Let $(X \times Y, \tau)$ be cartesian product of topological spaces $(X, \tau_X)$, $(Y, \tau_Y)$. Let $ A \subset X$, $ B \subset Y$.
A) Prove that $\overline{A\times B}= \overline{A} \times \overline{B}$
B) Prove that $(A \times B)^d = (A^d \times \overline{B}) \cup (\overline{A} \times B^d)$
What is $d$?
Let $a$ in topological space $(X,\tau)$ be a limit point of A set. $A \subset X$, if every neighbourhood of $a$ contains element from $A$ set which differs from $a$. Set of limit points of $A$ is $A^d$. Let
$A^n = (…(A^d)^d…)^d$
be set obtained from A by repeating n times transition to set of limit points.
Well, I have done almost half of A part
$ A \subset \overline{A}$, $B \subset \overline{B}$, $A \times B \subset \overline{A} \times \overline{B}$
$\overline{A} \times \overline{B}$ is closed in this topology.
$\overline{A} \times \overline{B} = \overline{A} \times \overline{Y} \cap \overline{X} \times \overline{B}$
$ \overline{A\times B}$ is the smallest closed substed containing $A\times B$, so
$\overline{A\times B} \subset \overline{A} \times \overline{B}$
I dont have an idea about second part of A and whole B.
Best Answer
I assume you know that for any space $X$ and any subset $C$, $x \in \overline{C}$ iff every open set that contains $x$ intersects $C$. It even suffices to check this for open sets from a certain fixed base of $X$ as well.
I'll do b) first:
Left to right inclusion:
Suppose that $(x,y) \in (A \times B)^d$. As $(A \times B)^d \subset \overline{A \times B} = \overline{A} \times \overline{B}$, $x \in \overline{A}$ and $y \in \overline{B}$.
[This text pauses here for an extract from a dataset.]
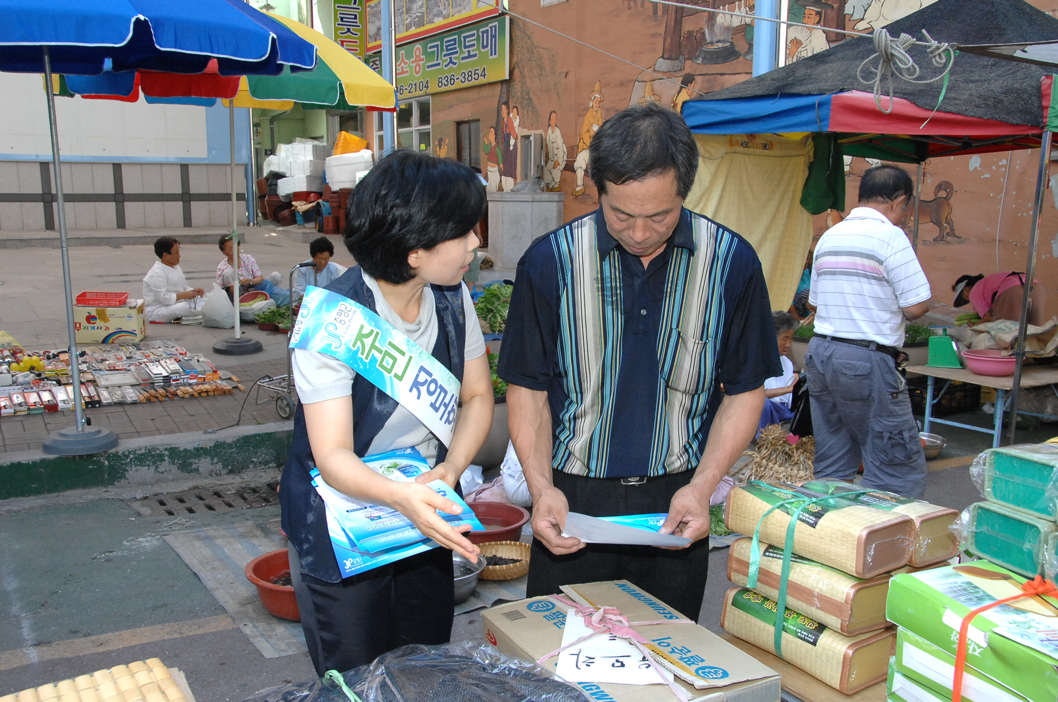 증평군은 현재 홈페이지를 통해 운영중인 사이버 강좌의 활용도를 높여 주민 정보화능력을 향상시키기 위해 오는 30일까지 적극적인 홍보활동을 벌이기로 했다. [보도자료실 참조, 사진은 21일 증평장날을 맞아 재래시장에서 가두 홍보활동 모습]
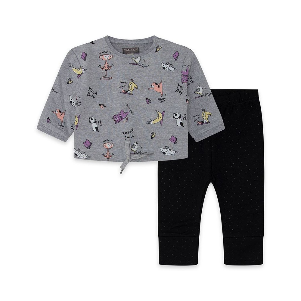 Completo neonata Canada, felpa grigia fantasia animali con interno in cotone felpato e leggings nero fantasia pois

So suppose that $x \notin A^d$, otherwise $(x,y) \in A^d \times \overline{B}$ and we are done. Then the only way that $x \in \overline{A}$, is that $x$ is an isolated point of $A$, i.e. there exists some open set $U$ such that $\{x\} = U \cap A$. Now let $V$ be any neighbourhood of $y$. Then $U \times V$ is an open neighbourhood of $(x,y)$ that intersects $A \times B$ in some point $(a,b) \neq (x,y)$. But $x = a$ by the previous, so we know that $b \neq y$. In short, every open neighbourhood of $y$ intersects $B$ in a point different from $y$, so $y \in B^d$ and $(x,y) \in \overline{A} \times B^d$.
(Alternatively we could assume $b \notin B^d$, so $y$ is an isolated point of $B$ as well, but then $(x,y)$ is an isolated point of $A \times B$, contradiction.)
Right to left inclusion:
Suppose that $(x,y) \in A^d \times \overline{B}$. Let $U \times V$ be any basic open neighbourhood of $(x,y)$, then $V \cap B \neq \emptyset$, as $y \in \overline{B}$; say it intersects in $b$. Also, there is some $a \neq x$ in $A \cap U$ as $x \in A^d$. Then $(a,b) \neq (x,y)$ by virtue of the first coordinates being different, so $U \times V$ intersects $A \times B$ in a point distinct from $(x,y)$, so $(x,y) \in (A \times B)^d$.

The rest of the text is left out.